We are revisiting a topic that we touched long time back - color space. Many researchers have ABI SOLiD machines and they like to try out various new assembly programs like Trinity or Contrail. Do de Bruijn graph-based assemblers work on color space data? Do they need to be modified for Color space data?
The answers are ‘yes and no’, and let us explain why. Based on our articles on de Bruijn graphs, one can argue that the general description is applicable for any kind of text and does not need to be restricted to nucleotide sequences. There is one important difference though. In this article, we showed that each node is formed with a K-mer sequence and its reverse complement.
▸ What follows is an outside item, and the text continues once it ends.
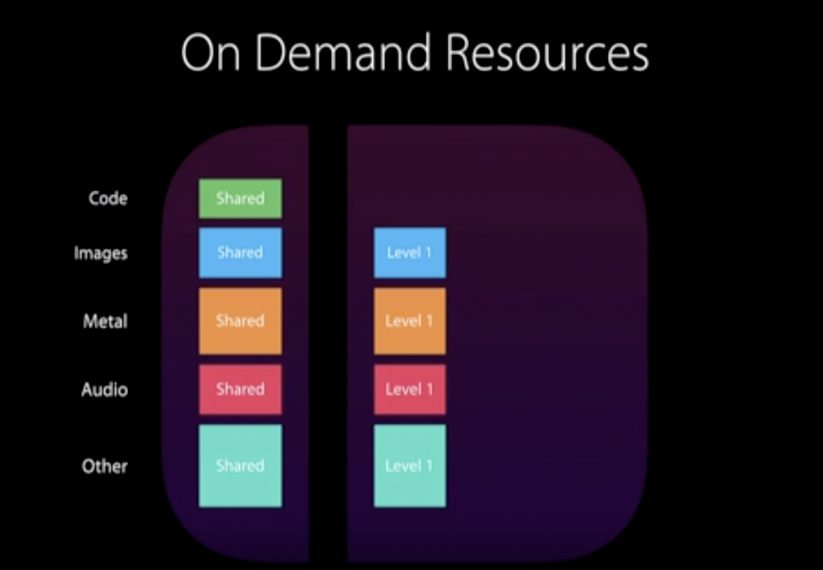 예를 들어 게임에서 사용자가 레벨 1이라면 레벨 1에 해당하는 화면이나 소리 리소스 들만 들고 있으면 되고, 나머지 리소스는 앱스토어가 가지고 있다가 진행하면서 다운로드 받는다 (On Demand Resources)

Reverse complement of color space sequences is done differently from reverse complement of nucleotide sequences, as explained here.
To answer the original question, all assemblers can work on color space data after modification that correctly implements reverse complement rules for color space. In fact, the change needed in the original code is very minor. To learn how the modification is done, please take a look at the code of Velvet assembler, which works for both nucleotide and color space data. Inside various C files within ‘src’ directory of Velvet, search for “ifdef COLOR” or “ifndef COLOR” blocks. That is where the modification for color space is done.
Some people mistakenly assume that if they rewrite their SOLiD data in pseudo- nucleotide space, all programs written for nucleotide data will magically work. That is wrong, because pseudo-nucleotide conversion merely replaces 0,1,2,3 by ATGC, but it does not change how reverse complementing is done for the sequences. Reverse complementing of pseudo-nucleotide SOLiD data is not done in the same way as reverse complementing of true nucleotide sequences. That is why the assemblers will not work out of the box.